Minimal probing sequence

How probing should actually run

The minimum implementation does not need a complex benchmarking subsystem, but it should still follow this order:

  1. Filter candidate bindings with the local dial policy first. For example, when force_tcp is active, skip QUIC instead of probing a path that can never be selected.
  2. Send a set of TRANSPORT_PROBE messages on each remaining path, each carrying at least a probe_id, a sample_size close to real work, and a sample_count that avoids making decisions from one lucky sample.
  3. Wait for TRANSPORT_PROBE_ACK on each path and collect round-trip time, jitter, effective throughput, and any drop or throttling hints returned by the server.
  4. Compare all candidates with one consistent ranking rule and select the binding that should enter the main handshake.
  5. Carry the selected preferred_transport_id into CLIENT_HELLO, then treat the active_transport_id returned by SERVER_HELLO_ACK as the final protocol fact.

What probing needs to compare

Probe decisions should not be based on RTT alone. At minimum they should compare four classes of signals:

  1. Reachability: whether the path can exchange probes reliably rather than succeeding once by accident.
  2. Latency stability: not only average RTT but also jitter and tail latency, so the client does not choose a path with a pretty mean and unstable behavior.
  3. Effective throughput at near-real payload size: the samples should resemble real submissions, otherwise the result only measures small-packet friendliness.
  4. Degradation signals: timeouts, retransmission behavior, explicit drop_hint, server throttling hints, and the success rate across repeated probes.

Why probing cannot be just ping

ICMP ping or tiny-packet RTT is not enough. Many networks are permissive to tiny packets while aggressively shaping larger UDP flows or sustained bulk traffic.

So the real question is not just “can this path respond”. The real question is “when the payload size is close to actual work, which path gives better throughput, jitter, and recovery behavior”. That is why TRANSPORT_PROBE should use bodies close to realistic submission sizes instead of a trivial heartbeat-sized sample.

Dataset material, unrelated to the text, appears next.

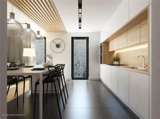 ▲ 在兼作为餐桌的厨房岛之上,三个厨房吊灯悬挂在装饰性的木条上,并贯穿整个中央台面。

What the host side actually sees

From the host or client perspective, the typical path is:

  1. Local dial policy decides whether the mode is auto, prefer_quic, prefer_tcp, or one of the force_* variants.
  2. If the policy allows automatic selection, the client probes the candidate bindings first.
  3. After choosing the better path, it runs CLIENT_HELLO / SERVER_HELLO_ACK and establishes sessions on that binding.
  4. If the network degrades later, the client can probe again and initiate SESSION_MIGRATE; if migration fails, it can still fall back to “new connection + new session”.

Why this must be a protocol feature

This cannot stay inside local route-selection logic because it creates at least four protocol-level consistency requirements:

  1. Both client and server need to see the transport policy and final outcome instead of inferring it locally.
  2. All client implementations should make similar decisions under similar network conditions, rather than exposing implementation-dependent behavior.
  3. Observability, auditing, and failure analysis need standard semantics for “what was probed, what was selected, and why migration happened”.
  4. Transport is only the first strategy boundary. More internal components may also become policy-driven later, and this layering stays cleaner if transport is already placed correctly at the protocol layer.

NNRP Documentation